At the core of the dispute which led to his imprisonment was the Judicial Separation Act, 1989, which he alleged is being wrongly applied by family law courts. He claims that custom and practice has developed contrary to both the spirit and letter of the legislation, as well as the intentions of the Oireachtas, with the effect of providing separation on demand.
His was not an academic argument. His wife had applied to court for a separation order and arising from this application he had received a summons.
Studying the legislation, he came to the conclusion that, if he entered an appearance, he would ipso facto be asking the court to make a decision concerning his marriage. Since he did not want to end his marriage, he decided that the best option was to decline to make an appearance. He believed that, as long as he remained open to reconciliation, the law did not permit the court to interfere in his marriage on his wife’s unilateral demand.
Several times he asked the court to provide proof of its jurisdiction, but the court did not respond. In July 2009 he was arrested, brought before a judge and jailed for contempt.
This case has many disquieting aspects. One, for example, centres on a habeas corpus application by this man in late July 2009, held after the court had been cleared. A habeas corpus hearing held in secret appears, on the face of it, to be a contradiction in terms.
By ordering this man’s release, the Supreme Court has seemed to confirm that he was unjustly imprisoned. Indeed, since his appeal has been upheld (although no written judgment has been published) it is reasonable to infer that the Supreme Court has agreed, at least broadly, with his interpretation of the law in the case before it. The implications of this are staggering. It means, of course, that a massive injustice has been perpetrated.

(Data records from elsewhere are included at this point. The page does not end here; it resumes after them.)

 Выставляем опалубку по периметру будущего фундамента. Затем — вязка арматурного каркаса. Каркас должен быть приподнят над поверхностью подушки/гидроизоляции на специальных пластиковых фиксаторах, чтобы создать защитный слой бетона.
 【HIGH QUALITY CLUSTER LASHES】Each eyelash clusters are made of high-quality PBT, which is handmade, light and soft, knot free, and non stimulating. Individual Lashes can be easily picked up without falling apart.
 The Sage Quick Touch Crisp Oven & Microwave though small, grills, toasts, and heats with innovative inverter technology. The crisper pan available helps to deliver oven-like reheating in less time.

All this raises very serious questions about the manner in which one of the justice system’s most draconian sanctions came to be used against a wholly innocent man. But perhaps even more worrying questions relate to the role, or non-role, of the media.

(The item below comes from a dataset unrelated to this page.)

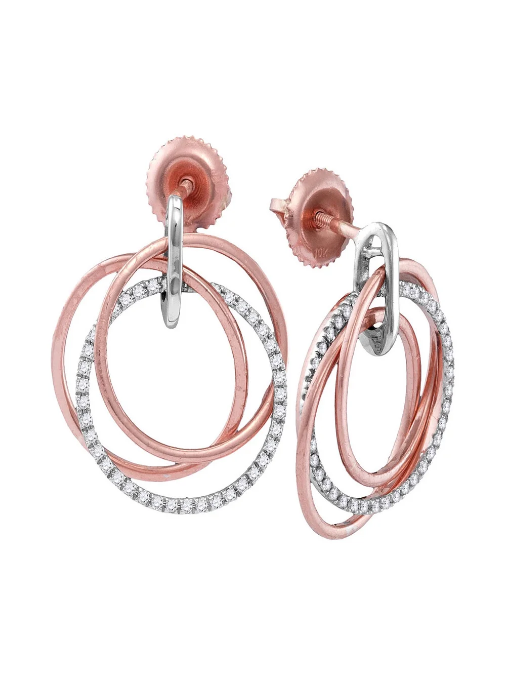 3Gems Jewelers 10kt Rose Gold Womens Round Diamond Circle Dangle Earrings 1/4 Cttw

In September 2009, I attempted to publish an account of this disturbing case, but that column was spiked on legal advice. Newspapers, of course, are obliged to obey the law and need to protect themselves from legal jeopardy. But the press is supposed to be the “fourth estate”, the ultimate bulwark in a complex system of protections intended to shield the fragile corpus of democratic freedoms.

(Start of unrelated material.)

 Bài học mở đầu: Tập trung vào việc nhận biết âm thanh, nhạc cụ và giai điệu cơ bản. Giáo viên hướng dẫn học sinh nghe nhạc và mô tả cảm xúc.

When the media opts out of a particular context on the basis that the law does not permit it to do its job, where do citizens go for protection in the event of error or abuse? Are we journalists simply to shrug our shoulders in the face of injustice and get on with filling space?
What have we to say to the public – that the law is the law and that’s the end of it? What when Justice nods off, when the law becomes an ass?
If the media cannot or will not raise these questions, who will? How do we propose to protect our democracy if such questions are suppressed? And what does this leave as the point of journalism, other than as a branch of showbiz?
Last week I was again prevented, on legal advice obtained by the editors of this newspaper, from writing about another deeply disturbing case in which the child of an Irish mother was forcibly returned to England, likely to the fate of forced adoption, following hearings in the High Court and Supreme Court. This case has the gravest imaginable implications for some of the most basic human freedoms, but the public has been permitted to know almost nothing about it because of a law intended for the protection of families and children.
In the neighbouring jurisdiction of England and Wales, which imposes similar reporting restrictions on matters pertaining to family law proceedings, a former senior family court judge has repeatedly described these circumstances as “indefensible”.
Delivering the 2010 Hershman-Levy Memorial Lecture in Birmingham last month, Lord Justice Munby, now sitting on the court of appeal, identified a distinction between family law matters which are the business of nobody beyond the immediate protagonists, and the growing phenomenon of state agencies “seeking to intrude into family life and very frequently seeking to remove children from their families”.
Where the state is pursuing such drastic powers as are implied by care and placement orders, he said, “it might be thought that the arguments in favour of publicity – in favour of openness, public scrutiny and public accountability – are particularly compelling.
“I have previously said in public that, viewed from this perspective, our present system is indefensible. I do not shrink from repeating that.”